▶ [GIVEN INFORMATION]:
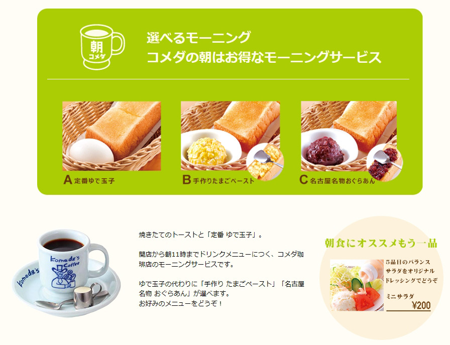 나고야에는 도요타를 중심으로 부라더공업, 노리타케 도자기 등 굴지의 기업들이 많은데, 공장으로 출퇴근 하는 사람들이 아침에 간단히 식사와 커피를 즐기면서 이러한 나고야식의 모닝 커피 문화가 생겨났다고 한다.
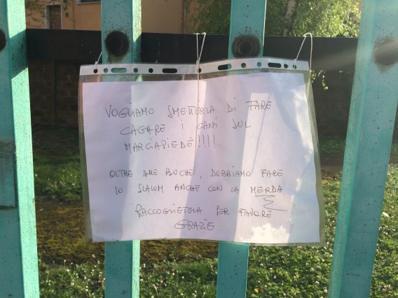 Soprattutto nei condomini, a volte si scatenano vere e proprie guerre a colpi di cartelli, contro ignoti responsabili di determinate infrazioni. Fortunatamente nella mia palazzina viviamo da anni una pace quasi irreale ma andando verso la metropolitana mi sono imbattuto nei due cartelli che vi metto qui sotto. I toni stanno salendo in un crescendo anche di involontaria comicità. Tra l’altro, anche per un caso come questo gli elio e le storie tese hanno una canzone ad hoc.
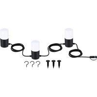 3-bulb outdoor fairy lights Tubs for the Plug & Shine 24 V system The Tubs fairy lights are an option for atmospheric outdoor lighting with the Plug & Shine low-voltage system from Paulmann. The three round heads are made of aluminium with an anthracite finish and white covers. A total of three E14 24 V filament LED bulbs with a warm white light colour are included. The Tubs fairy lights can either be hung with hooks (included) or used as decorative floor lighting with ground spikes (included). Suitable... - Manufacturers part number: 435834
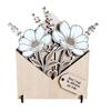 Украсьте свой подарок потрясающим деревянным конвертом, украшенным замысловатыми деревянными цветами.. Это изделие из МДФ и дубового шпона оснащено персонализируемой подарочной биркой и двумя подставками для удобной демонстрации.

▶ [PROMPT]: A word-for-word retyping of the material above is expected, without pictures.

▶ [WRITTEN REPLY]:
 나고야에는 도요타를 중심으로 부라더공업, 노리타케 도자기 등 굴지의 기업들이 많은데, 공장으로 출퇴근 하는 사람들이 아침에 간단히 식사와 커피를 즐기면서 이러한 나고야식의 모닝 커피 문화가 생겨났다고 한다.
 Soprattutto nei condomini, a volte si scatenano vere e proprie guerre a colpi di cartelli, contro ignoti responsabili di determinate infrazioni. Fortunatamente nella mia palazzina viviamo da anni una pace quasi irreale ma andando verso la metropolitana mi sono imbattuto nei due cartelli che vi metto qui sotto. I toni stanno salendo in un crescendo anche di involontaria comicità. Tra l’altro, anche per un caso come questo gli elio e le storie tese hanno una canzone ad hoc.
 3-bulb outdoor fairy lights Tubs for the Plug & Shine 24 V system The Tubs fairy lights are an option for atmospheric outdoor lighting with the Plug & Shine low-voltage system from Paulmann. The three round heads are made of aluminium with an anthracite finish and white covers. A total of three E14 24 V filament LED bulbs with a warm white light colour are included. The Tubs fairy lights can either be hung with hooks (included) or used as decorative floor lighting with ground spikes (included). Suitable... - Manufacturers part number: 435834
 Украсьте свой подарок потрясающим деревянным конвертом, украшенным замысловатыми деревянными цветами.. Это изделие из МДФ и дубового шпона оснащено персонализируемой подарочной биркой и двумя подставками для удобной демонстрации.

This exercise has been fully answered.